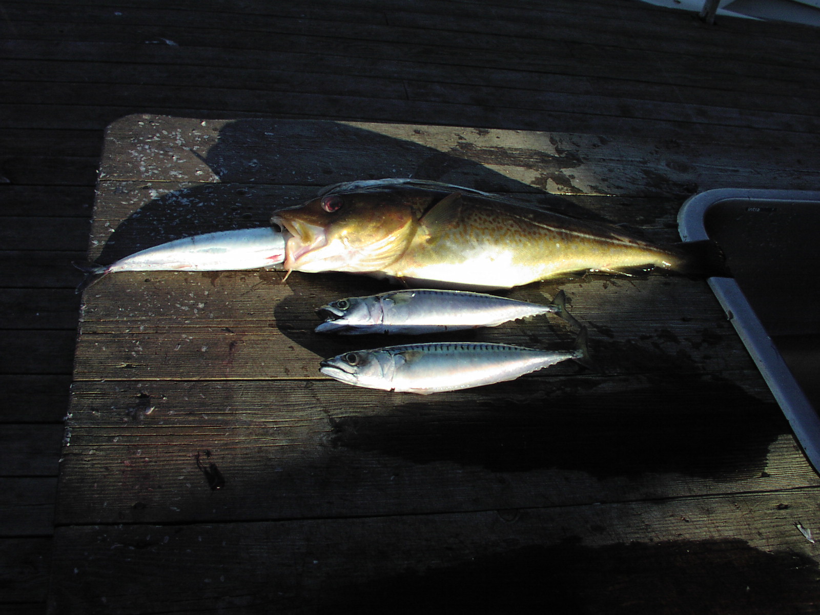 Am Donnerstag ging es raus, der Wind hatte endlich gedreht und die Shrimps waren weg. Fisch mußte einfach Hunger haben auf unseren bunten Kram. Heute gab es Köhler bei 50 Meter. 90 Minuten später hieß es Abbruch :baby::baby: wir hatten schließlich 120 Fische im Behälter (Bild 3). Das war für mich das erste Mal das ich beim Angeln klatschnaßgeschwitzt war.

◇ ◇ ◇ ◇ ◇ ◇ ◇

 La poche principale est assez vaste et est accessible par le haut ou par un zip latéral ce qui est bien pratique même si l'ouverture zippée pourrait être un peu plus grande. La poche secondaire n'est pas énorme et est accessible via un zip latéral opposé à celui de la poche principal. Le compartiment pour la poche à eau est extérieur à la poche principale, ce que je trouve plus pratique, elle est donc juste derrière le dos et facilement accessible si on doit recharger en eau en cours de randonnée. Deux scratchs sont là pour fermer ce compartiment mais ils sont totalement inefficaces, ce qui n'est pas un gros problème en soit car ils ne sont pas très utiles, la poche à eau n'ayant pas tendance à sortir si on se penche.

◇ ◇ ◇ ◇ ◇ ◇ ◇

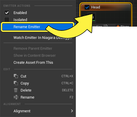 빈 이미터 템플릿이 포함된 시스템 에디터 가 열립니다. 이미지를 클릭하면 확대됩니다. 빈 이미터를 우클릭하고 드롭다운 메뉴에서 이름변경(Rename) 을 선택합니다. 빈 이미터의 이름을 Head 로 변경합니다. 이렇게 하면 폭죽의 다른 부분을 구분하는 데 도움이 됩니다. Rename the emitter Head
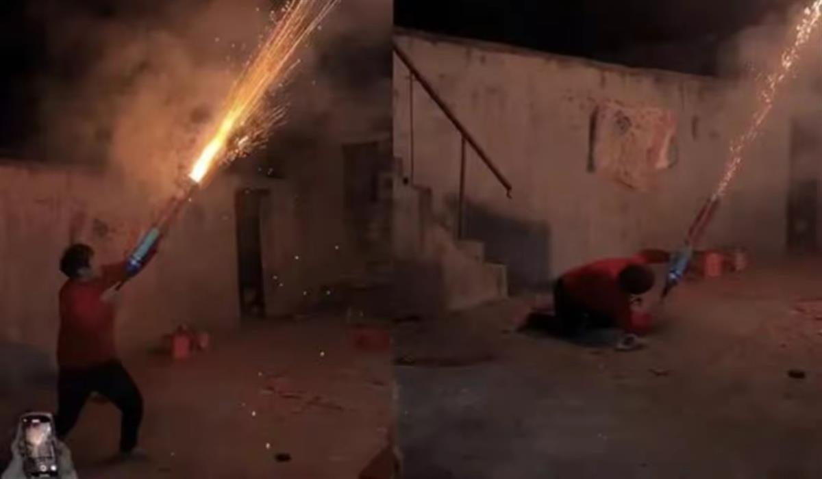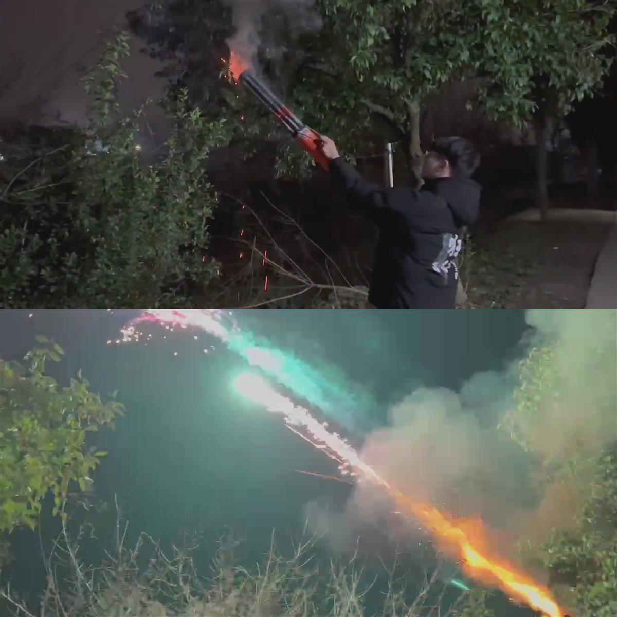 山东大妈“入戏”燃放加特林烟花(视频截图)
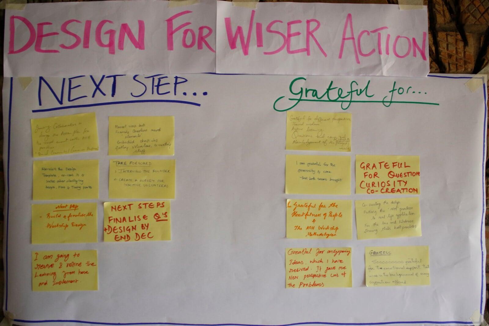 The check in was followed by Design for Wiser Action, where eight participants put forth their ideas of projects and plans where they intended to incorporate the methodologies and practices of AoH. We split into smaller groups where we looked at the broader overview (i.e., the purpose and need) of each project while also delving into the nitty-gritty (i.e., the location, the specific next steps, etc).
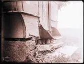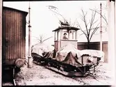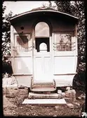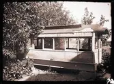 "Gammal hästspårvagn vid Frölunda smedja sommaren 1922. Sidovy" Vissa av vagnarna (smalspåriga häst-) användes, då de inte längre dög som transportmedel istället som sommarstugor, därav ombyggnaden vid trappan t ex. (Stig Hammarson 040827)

◇ ◇ ◇ ◇ ◇ ◇ ◇

When you reach the line that has "The check in" in the data above, start repeating lines exactly, and stop after the line that has "(Stig Hammarson 040827)"; pictures stay out.

 The check in was followed by Design for Wiser Action, where eight participants put forth their ideas of projects and plans where they intended to incorporate the methodologies and practices of AoH. We split into smaller groups where we looked at the broader overview (i.e., the purpose and need) of each project while also delving into the nitty-gritty (i.e., the location, the specific next steps, etc).
 "Gammal hästspårvagn vid Frölunda smedja sommaren 1922. Sidovy" Vissa av vagnarna (smalspåriga häst-) användes, då de inte längre dög som transportmedel istället som sommarstugor, därav ombyggnaden vid trappan t ex. (Stig Hammarson 040827)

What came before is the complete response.